本发明实施例提供的检测慢盘的方法,在选取多个第二延时时,可以选取与第一区间对应的N个第二延时,即采用N个第二延时的平均值作为区间平均延时。当然,也可以选取N个第二延时中的部分第二延时。具体的,由于在实际应用中,采样的数据通常都会存在“突然上升”的情况,因此为了保证检测慢盘的准确度和灵敏度均衡,通常优选的可以选取N个第二延时中的前2/N个第二延时。
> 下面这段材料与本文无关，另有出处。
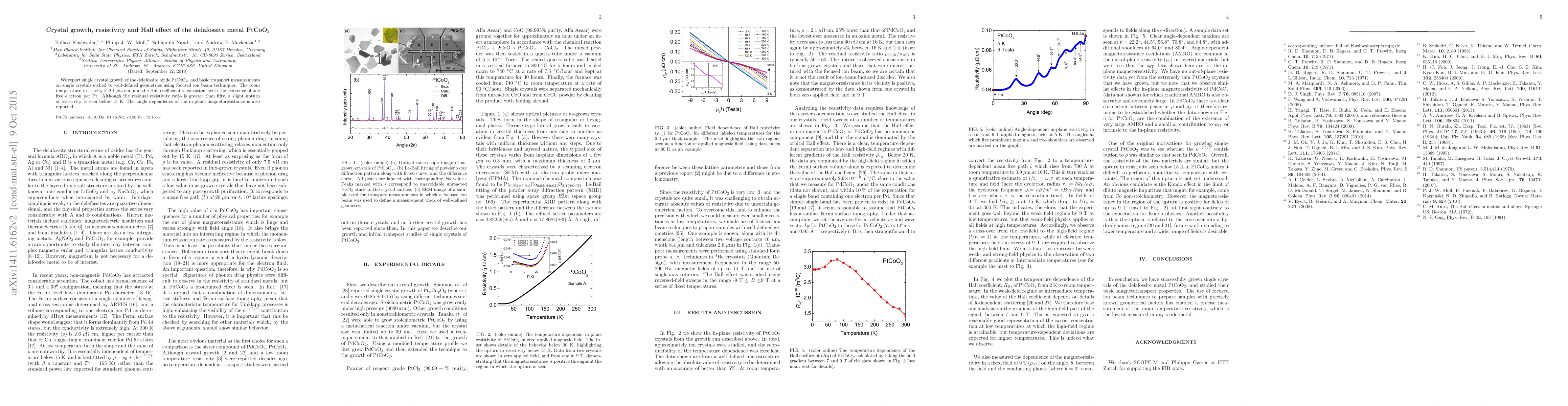The paper details the successful cultivation of single crystals of the delafossite oxide PtCoO2, and the measurement of its electrical properties. Key findings include a room temperature resistivity of 2.1 $muOmega$ cm and a Hall coefficient indicating one free electron per Pt atom. Despite a high residual resistivity ratio, a resistivity upturn is observed below 15 K. The angle-dependent in-plane magnetoresistance is also reported.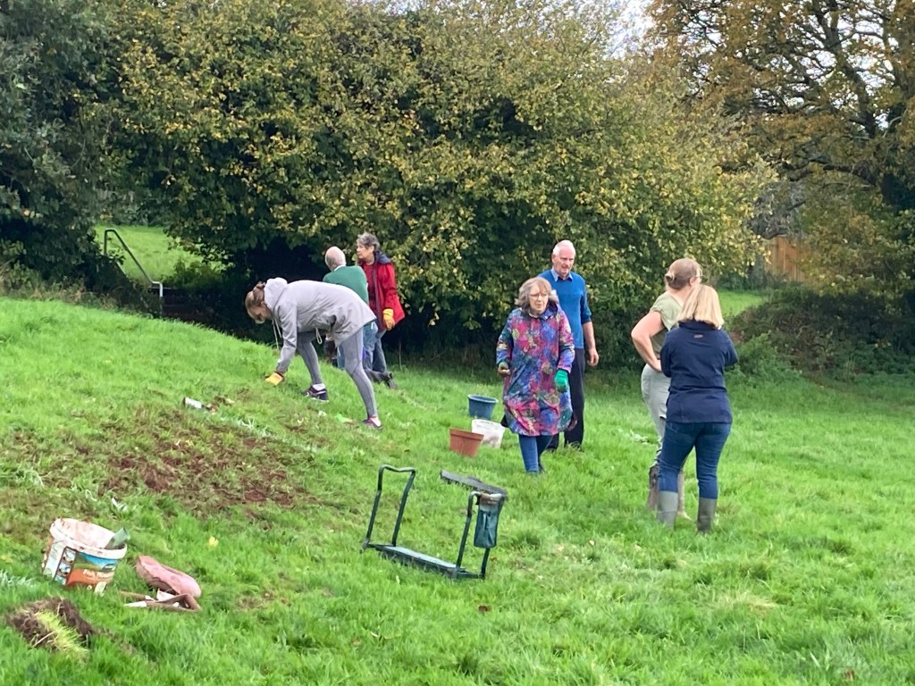 William Wordsworth, author of the famous poem I wandered lonely as a cloud wrote: “One daffodil is worth a thousand pleasures”. Since we planted over 1000 bulbs into the sloping bank in the lower field, that should provide a million pleasures when they bloom in Spring! Thanks to everyone who helped to make this such a special morning on 29 October, The event enabled us to get together around the newly planted raised beds to celebrate completion of the first stage of our Community Garden project.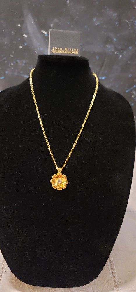 JOAN RIVERS Gold Tone & Clear Crystal Flower Pendant Necklace High Fashion Costume Jewelry 22in chain

具体的,可根据实际检测需求进行设定,本发明不作限定。
本发明实施例提供的检测慢盘的方法中,与选取N个第二延时计算区间平均延时相比,通过在与第一区间对应的N个第二延时中选取前M个第二延时计算区间平均延时,能够保证计算的第一延时与区间平均延时的比值,即第一比值较大,从而使得计算的多个第一比值的平均值就越大,这样可以在保证检测慢盘的准确度的情况下,适当地提高检测慢盘的灵敏度,进而达到检测慢盘的准确度和灵敏度之间的均衡。
实施例三
基于上述各实施例,本发明实施例提供一种检测慢盘的方法,该方法应用于多个硬盘的场景,检测节点针对第一硬盘执行该方法,第一硬盘为多个硬盘中的其中一个硬盘。
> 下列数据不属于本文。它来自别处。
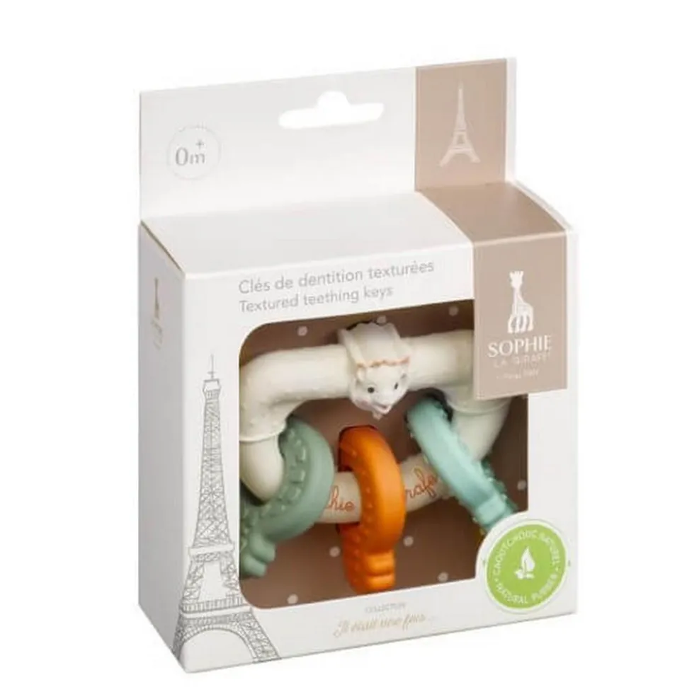 Découvrez la Cles de dentition texturées Sophie la girafe de la marque Vulli. Fabriqué à partir de caoutchouc 100 % naturel, cet anneau de dentition a été pensé pour accompagner bébé tout en douceur lors de ses poussées dentaires. Il est composé de 3 jolies petites clés colorées, faciles à attraper par les petites mains et parfaitement adaptées à la bouche de bébé. Souples et texturées, elles offrent différentes sensations à mordiller, ce qui aide à soulager efficacement les gencives sensibles. Un jouet à la fois ludique et apaisant, à emporter partout !

如图5所示,本发明实施例还提供一种检测慢盘的方法,该方法包括:
S201、检测节点获取与第一硬盘对应的第一比值平均值。
基于上述实施例一和实施例二的描述,检测节点通过针对第一硬盘执行上述实施例中如图2所示的各个步骤中除S111之外的其他步骤(包括S10中的S100-S102以及S11中的S110);或者执行上述实施例中如图3所示的各个步骤中除S111之外的其他步骤(包括S10中的S100-S105,或S10中的S100-S101、S103-S104和S106, 以及S11中的S110);或者执行上述实施例中如图4所示的实施例中除S111之外的其他步骤(包括S10中的S100-S101、S107和S102a,以及S11中的S110),获取与第一硬盘对应的第一比值平均值。
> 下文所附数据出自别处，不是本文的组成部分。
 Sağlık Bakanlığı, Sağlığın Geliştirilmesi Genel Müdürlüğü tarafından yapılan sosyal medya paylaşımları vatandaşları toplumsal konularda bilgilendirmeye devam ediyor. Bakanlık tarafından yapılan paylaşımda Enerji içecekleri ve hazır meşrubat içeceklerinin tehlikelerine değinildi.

S202、检测节点获取与多个硬盘中除第一硬盘外的其他硬盘一一对应的多个第一比值平均值。
其中,上述其他硬盘中的每个硬盘对应的第一比值平均值的获取方法与第一硬盘对应的第一比值平均值的获取方法相同。具体可参见上述与第一硬盘对应的第一比值平均值的获取方法,此处不再赘述。
特别的,与多个硬盘中的每个硬盘对应的第一比值平均值均为与该硬盘对应的多个第一比值计算得到。对于第一比值的描述可参见上述如图2所示的实施例中对第一比值的相关描述,此处不再赘述。
检测节点通过针对多个硬盘中的每个硬盘执行上述所述的各个步骤,可以获取到与多个硬盘一一对应的多个第一比值平均值。若与这多个硬盘中的每个硬盘对应的第一比值平均值均小于第三阈值,即对这多个硬盘分别进行检测未检测到有慢盘,则如图5所示,本发明实施例提供的检测慢盘的方法还可以包括:
S203、检测节点计算与多个硬盘一一对应的多个第一比值平均值的平均值,得到第一平均值。
为了保证检测慢盘的准确度,本发明实施例提供的检测慢盘的方法中,多个硬盘之间的检测也是在同一个区间内进行的。例如本实施例中,多个硬盘之间的检测是在第一区间内进行的。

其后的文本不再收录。